The problem is that the algorithms behind SHA-256 is above what I can currently comprehend (I'm only 17 and a part free programmer for 3 years). But on here there seem to be a lot of geniuses so my question is:

Is SHA-256 designed to loop after exactly $16^{64}$ hashed hashes, or is there a chance it will do so before that point?

Also: If so, it would probably do multiple times.

I saw the post on $\operatorname{Hash}(x)=x$ with $p=1-\frac1e$ answered by User fgrieu, saying that we don't yet know. But if this is determined by probability is my question also answered by probability? Please let me know if I'm thinking the wrong way or give me an answer if you have one.

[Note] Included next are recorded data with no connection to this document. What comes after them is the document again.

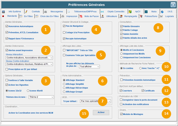 Dans l'onglet Standards des Préférences Générales de MédiClick, il est possible de paramétrer ou modifier l'utilisation du logiciel :
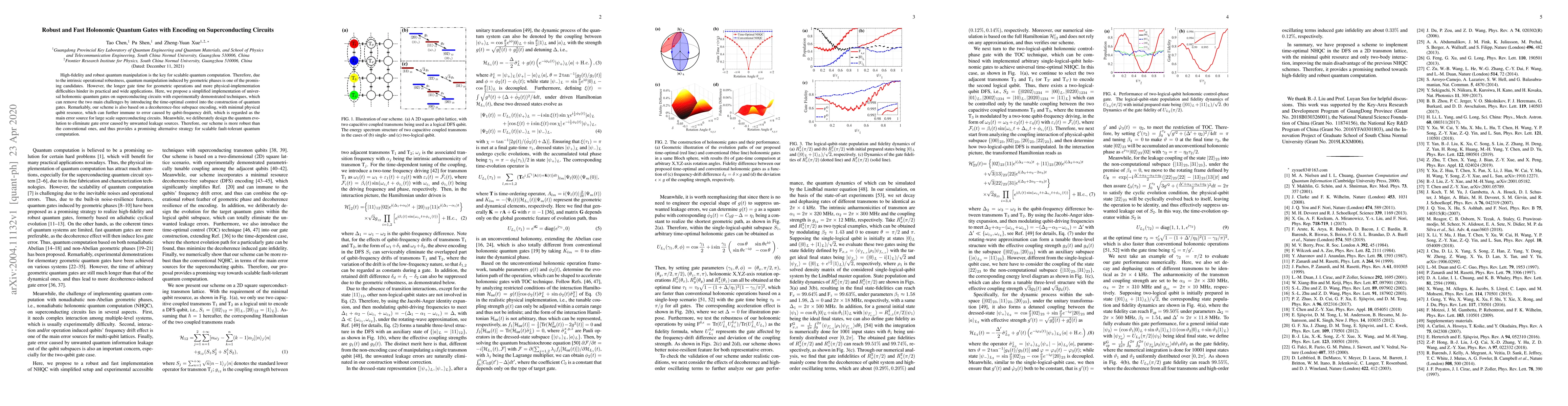 This paper proposes a novel method for implementing robust and fast holonomic quantum gates on superconducting circuits, addressing the challenges of long gate times and physical implementation difficulties. The proposed scheme utilizes time-optimal control and a decoherence-free subspace encoding to enhance robustness and minimize errors, offering a promising alternative for scalable quantum computation.
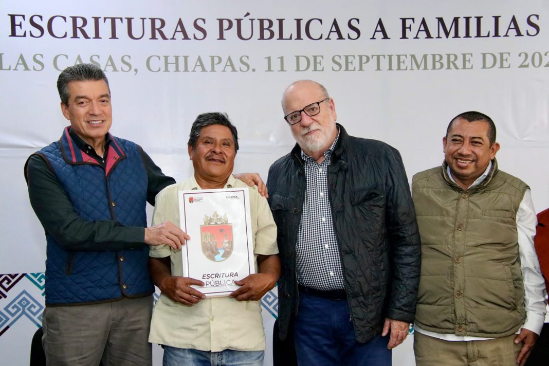 La entrega se llevó a cabo de manera directas a las y los beneficiarios en la ciudad de San Cristóbal de las Casas, sumándose a las más de 5 mil familias que han asegurado su patrimonio a través del Programa de Regularización de la Tenencia de la Tierra, que impulsa el Ejecutivo del Estado y se realiza a través de un trabajo interinstitucional.
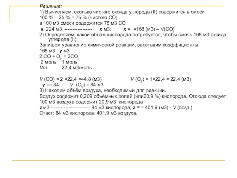 V (CO) = 2 ×22,4 =44,8 (м3) V (O2) = 1×22,4 = 22,4 (м3)
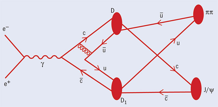 The clue to the nature of this meson appears to be that the mass of the Y meson (4260 MeV) is near the threshold for the production of DD1 – the combination of pseudoscalar (D) and axial (D1) charmed mesons (figure 2). This is the first channel in e+e– annihilation where charmed meson pairs can be produced with no orbital angular momentum (i.e. via S-wave processes). Thus at threshold there is no angular-momentum barrier against a DD1 pair being created effectively at rest, and rearranging their constituents into the form of J/ψ and light flavours (the latter then seeding pions). Thus the structure could simply be a threshold effect rather than a true resonance, or an exotic “molecule” made of D and D1 charmed mesons.
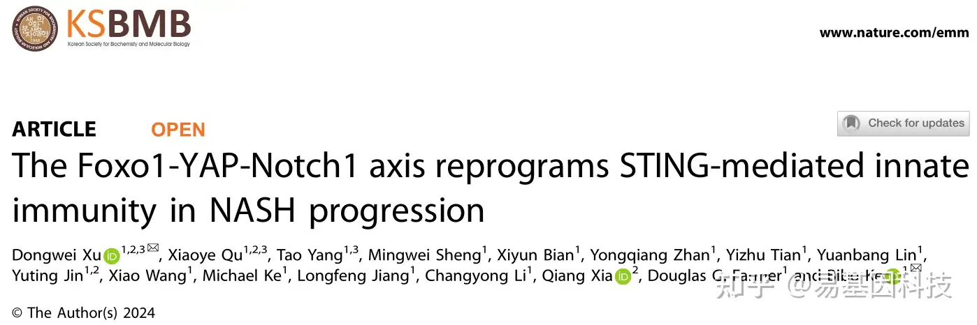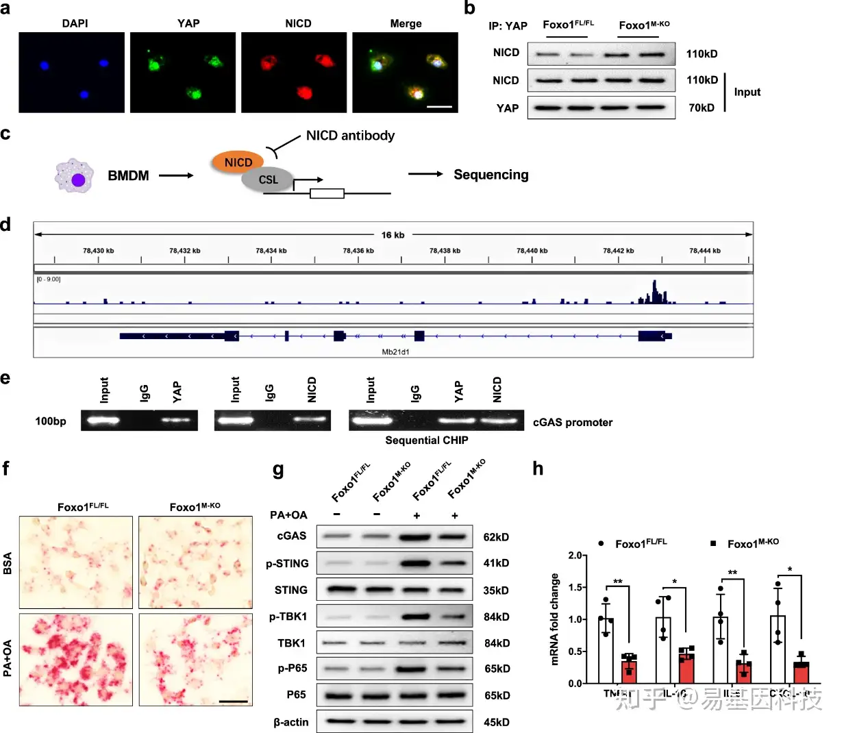 易基因:Exp Mol Med:ChIP-seq等揭示Foxo1-YAP-Notch1轴在疾病进展中的表观调控作用——重编程STING介导的先天免疫
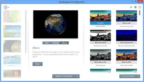 用戶界面直觀且易于使用,您可以在幾分鐘內(nèi)創(chuàng)建外觀漂亮的自定義桌面設(shè)計(jì)。 始終存在的預(yù)覽可幫助您在將效果應(yīng)用于新墻紙之前查看桌面的外觀。

• If you detect a loop then you likely have found a collision. You expect this to happen after $2^{128}$ inputs. Also see chapter 2.1.6 of the HAC – SEJPM Feb 27 '16 at 19:35
• Hint: we can approximate SHA-256 restricted to 256-bit input to a random mapping. Then, the classical results of Philippe Flajolet, Andrew M. Odlyzko Random mapping statistics apply, and allow to answer quantitatively (under such approximation). You can also experiment with a computer simulation, e.g. by studying SHA-256 restricted to its lowers 32 or 40 bits. – fgrieu Feb 27 '16 at 19:50
• Note that if you need a guarantee a hash will never loop, the easiest method is also adding a counter (e.g. $X_{n+1} = \operatorname{SHA-256}(X_n || n)$ , this is the way HKDF basically works. – Daan Bakker Feb 28 '16 at 16:30

## 1 Answer

Is SHA-256 designed to loop after exactly $16^{64}$ hashed hashes, or is there a chance it will do so before that point?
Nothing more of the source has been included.